Jill O'Bryan, nm.1.17 (Frottage), graphite on paper, 120" x 72", 2017.

===Frottages===
O’Bryan's ground rubbings, or frottages, represent a more outward-focused aspect of her work. She began these highly physical drawings in 2006 as a way to connect to and record her corporeal interactions with the New Mexico desert land. They were made by laying out large sheets of white paper on the mesa, then lying on top of the paper and making rubbings with chunks of graphite to reveal impressions and pull out the texture of the rocks below. Reviewers have likened these works (e.g., the 12-foot-tall, scroll-like Untitled #10, 2008 or NM.1.22, 2022), variously, to human skin or X-rays, topographical maps or entire landscapes, grave-rubbings, and Australian Aboriginal drawings. They have suggested that her mark-making in these drawings embeds the landscape into paper (rather than describing it), facilitating its organic emergence from the white surface. Paul Ardenne described the marked paper as "both the surface of inscription and of exchange … equivalent to a situation of intercession: art makes nature speak, and nature makes art speak."

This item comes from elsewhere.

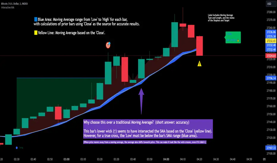 - To accurately determine that a wick has crossed a moving average, you must examine the moving average's range on that bar (blue area on this indicator) and ensure the wick fully traverses this area.

In her 2017 exhibitions "Mapping Resonance" (Center for Contemporary Art) and "Inside Nature and Time" (Mayeur Projects, with Charles Ross), O’Bryan presented frottages alongside a new, related body of work involving impressions made of metates—flat rocks with hollowed, oblong depressions formed by grinding grains on top of them. She created the "Metate Paintings" by filling the rocks with India ink or tea, then laying rice paper into them overnight. They have been described as soft, defuse and fluid, organic demarcations of black, grey, and sepia that evoke expanding stars or time; she exhibited them horizontally, on platforms placed at a slight elevation from the gallery floors. These shows also included a series of circular and conical, downward-pointed plaster vessels, which captured light and reflected it outward and skyward; they allude to both drought and the potential for replenishment.

===Public artworks===
In 2015, O'Bryan was commissioned by The Phillips Collection to create the outdoor sculpture one billion breaths in a lifetime in Washington, DC. The sculpture consists of reflective, polished chrome text of the work's title, in script. "One billion" represents O'Bryan's calculation of the breaths a person would take in a long life of roughly 97 years.

She has also created two related billboard works located between Las Vegas and Santa Fe on I-25 (formerly Route 66), each consisting of black text on a bright yellow background. The first, A Billion Breaths (2013), read "To breathe 1 billion breaths you must live 97 years, 309 days, 6 hours, 51 minutes, 40 seconds." The second, created during the COVID-19 pandemic in 2021, read: "7.8 billion of us breathing together right this moment."

==Collections==
O'Bryan's work belongs to the Brooklyn Museum, Colby College Museum of Art, Davis Museum, National Gallery of Art Library, New Mexico Museum of Art, and the Sarah-Ann and Werner H. Kramarsky Collection, among other collections.